In implementations, nodes may be restricted to 3 bisector edges. In cases where the node actually has more bisectors, the diagram may be represented by nodes connected with zero-length segment. At output time, the implementation may then collapse these coincident nodes into nodes with an arbitrary number of edges.

For best numerical stability, Voronoi nodes are calculated based on the three defining geometric sites, not by attempting to interset bisectors. For implementing a node solver, there are four cases to consider:

• Line, line, line
• Line, line, arc
• Line, arc, arc
• Arc, arc, arc

(Note that points are merely zero-radius arcs).

However, there are a number of degenerate cases to consider. When each degenerate case is considered for each of the four cases above, the implementation combinatorics can get daunting. This note describes a general node-solving approach, that handles all degenerate cases.

## Line and Arc Equations

For segments, we use the approach of first adding all segment end-points, then the supporting line is added and used to calculate node distances. In this case, a line can be defined as:

aix + biy + ci = 0

And an offset of the line may be defined as:

aix + biy + ci + kit = 0

Where ki is the offset direction (1 or -1) and t is the offset distance. Note that the line coefficients must be normalized such that $a_i^2 + b_i^2 = 1$ or kit will not represent the correct offset distance.

Similarly, an arc (circle) of radius r, centered on (xi,yi) is defined by:

$\left(x - x_i\right)^2 + \left( y - y_i \right)^2 - r^2 = 0$

Note that a point is just a zero-radius arc.

GIven this equation, an offset arc can be defined as:

$\left(x - x_i\right)^2 + \left( y - y_i \right)^2 - (r + k_i t)^2 = 0$

Where ki is the offset direction (1 or -1) and t is the offset distance.

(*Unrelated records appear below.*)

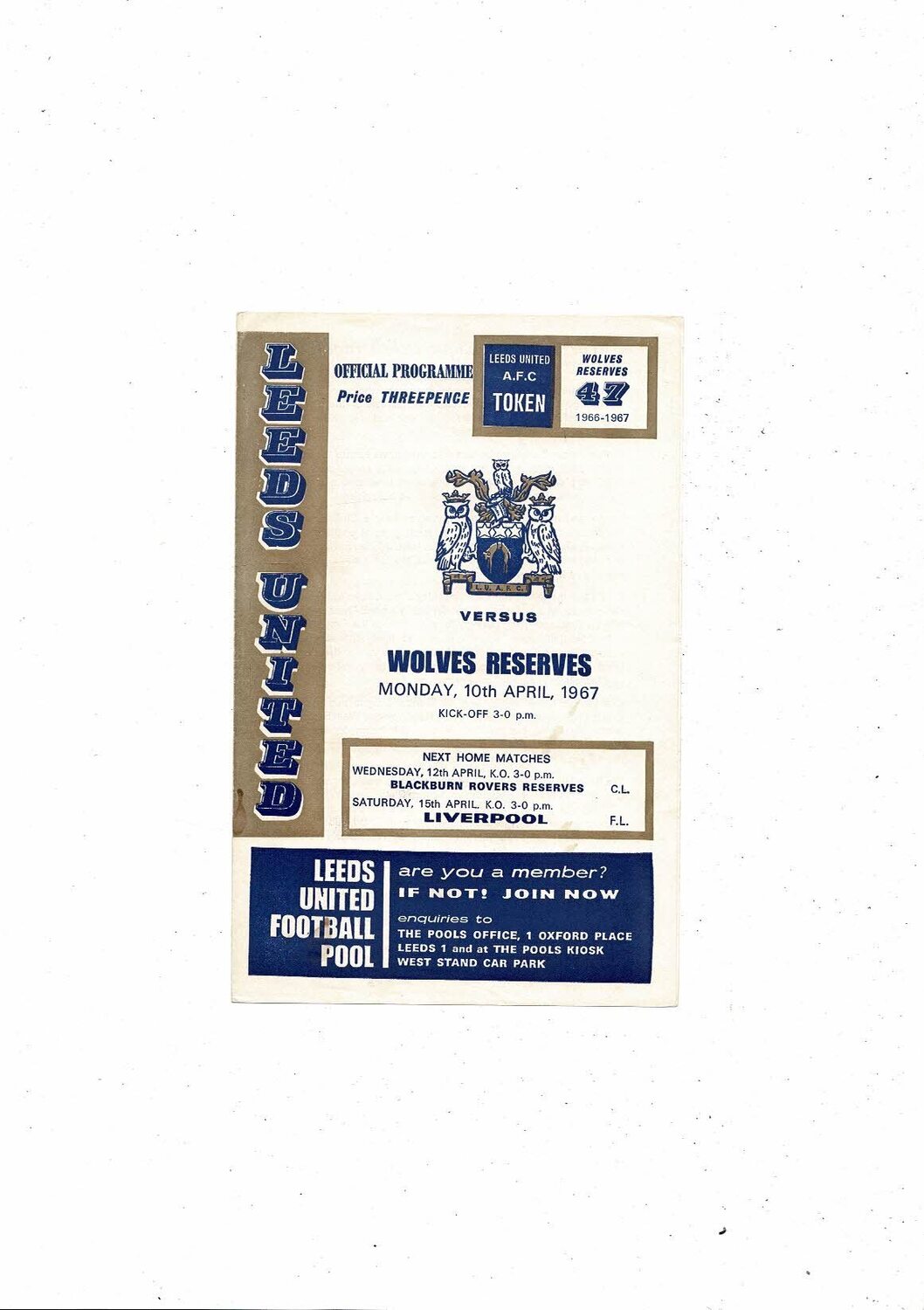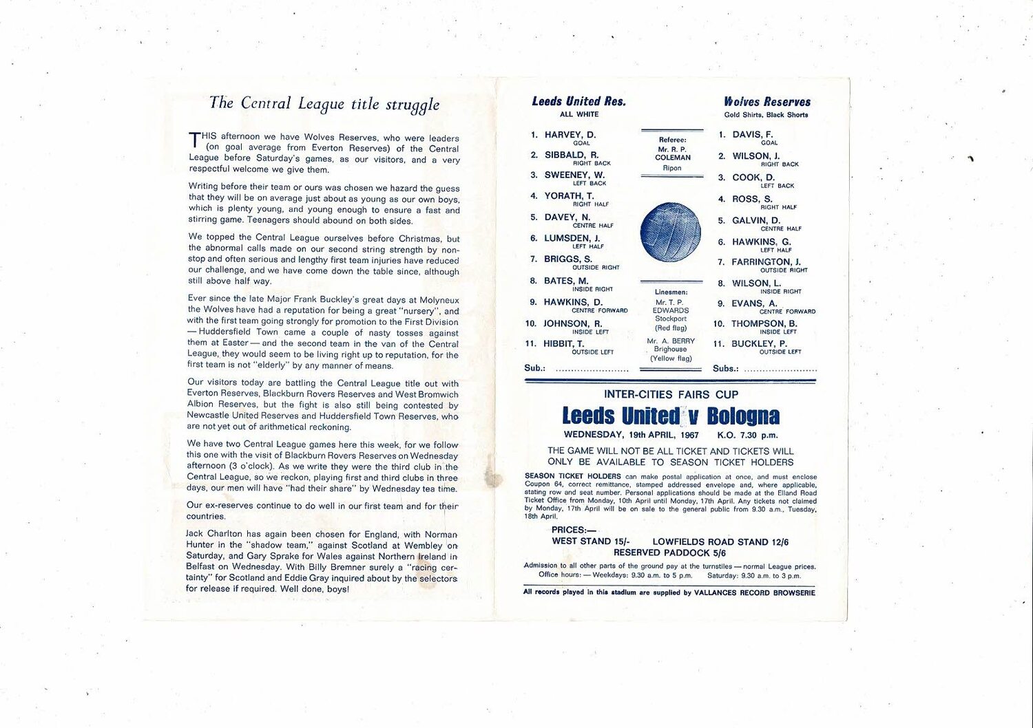 Leeds United v Wolves Central League Football Programme 1966/67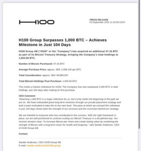 With the latest purchase, H100 Group’s total Bitcoin holdings have reached 1,004.56 BTC, marking the company as a key player in the crypto market.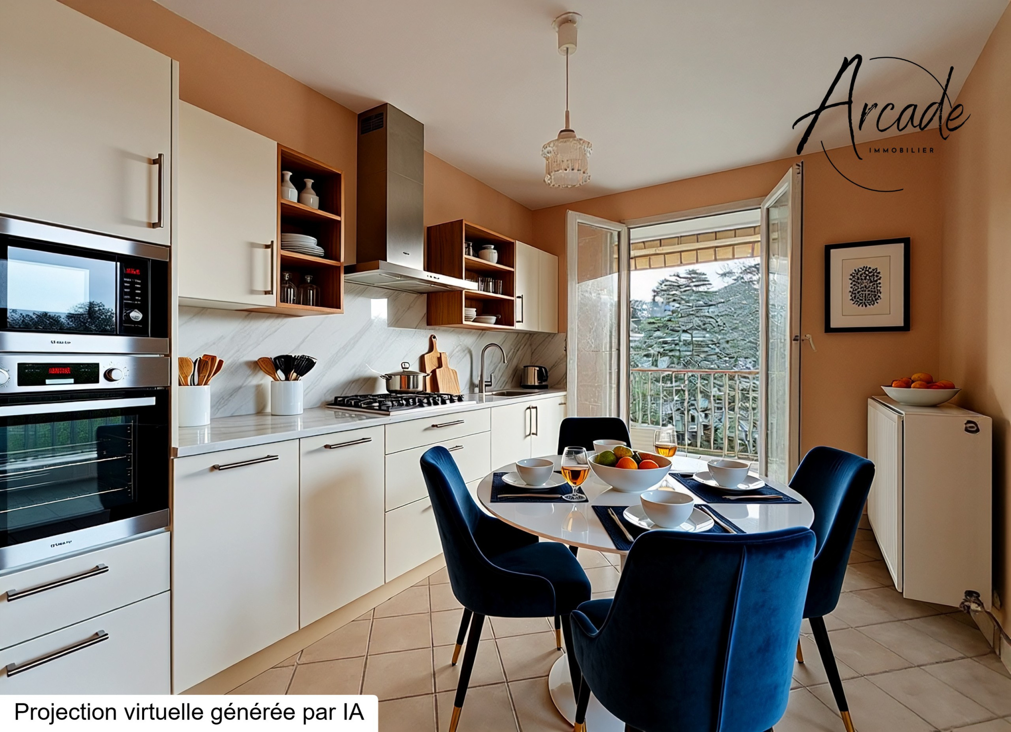 ...Une galerie d'entrée ouvre sur une vaste cuisine aménagée et équipée puis sur un superbe...

## Generalized Equation System

Given the line and circle equations above, any site (segment, arc, or point) can be represented in a general form:

q0(x2 + y2t2) + a0x + b0y + k0t + c0 = 0

Where q0 is 0 or 1.

For lines, the generalized coefficients are simply the line coefficients:

\begin{align} q_0 &= 0 \\ a_0 &= a_i \\ b_0 &= b_i \\ k_0 &= k_i \\ c_0 &= c_i \\ \end{align}

For arcs, the generalized coefficients are:

\begin{align} q_0 &= 1 \\ a_0 &= -2x_k \\ b_0 &= -2y_k \\ k_0 &= -2 k r_k \\ c_0 &= x_k^2 + y_k^2 - r_k^2 \\ \end{align}

And points are merely zero-radius arcs:

\begin{align} q_0 &= 1 \\ a_0 &= -2x_k \\ b_0 &= -2y_k \\ k_0 &= 0 \\ c_0 &= x_k^2 + y_k^2 \\ \end{align}

Given this, a Voronoi node is found by solving a three-equation quadratic system of the form:

\begin{align} q_0 (x^2 + y^2 - t^2) + a_0 x + b_0 y + k_0 t + c_0 &= 0 \\ q_1 (x^2 + y^2 - t^2) + a_1 x + b_1 y + k_1 t + c_1 &= 0 \\ q_2 (x^2 + y^2 - t^2) + a_2 x + b_2 y + k_2 t + c_2 &= 0 \\ \end{align}

Where q0, q1, and q2 are each 0 or 1. This system can be stored in a 3x5 numeric array.

## Solving the System

The generalized system can be solved as follows:

1. If the system is linear (all q values are zero), solve the 3x3 system using linear methods
2. Otherwise, reduce the system to a three-equation system with one quadratic equation and two linear equations
3. Check determinants of that system, and select a substitution
4. Evaluate the resulting system (2 linear, one quadratic) for the solution

The general three-equation system above can be transformed to a system with one quadratic equation and two linear equations. In one case, the system is already in that form. If there are two or three quadratic equations, one can be subtracted from the other one or two to yield a quadratic-linear-linear system.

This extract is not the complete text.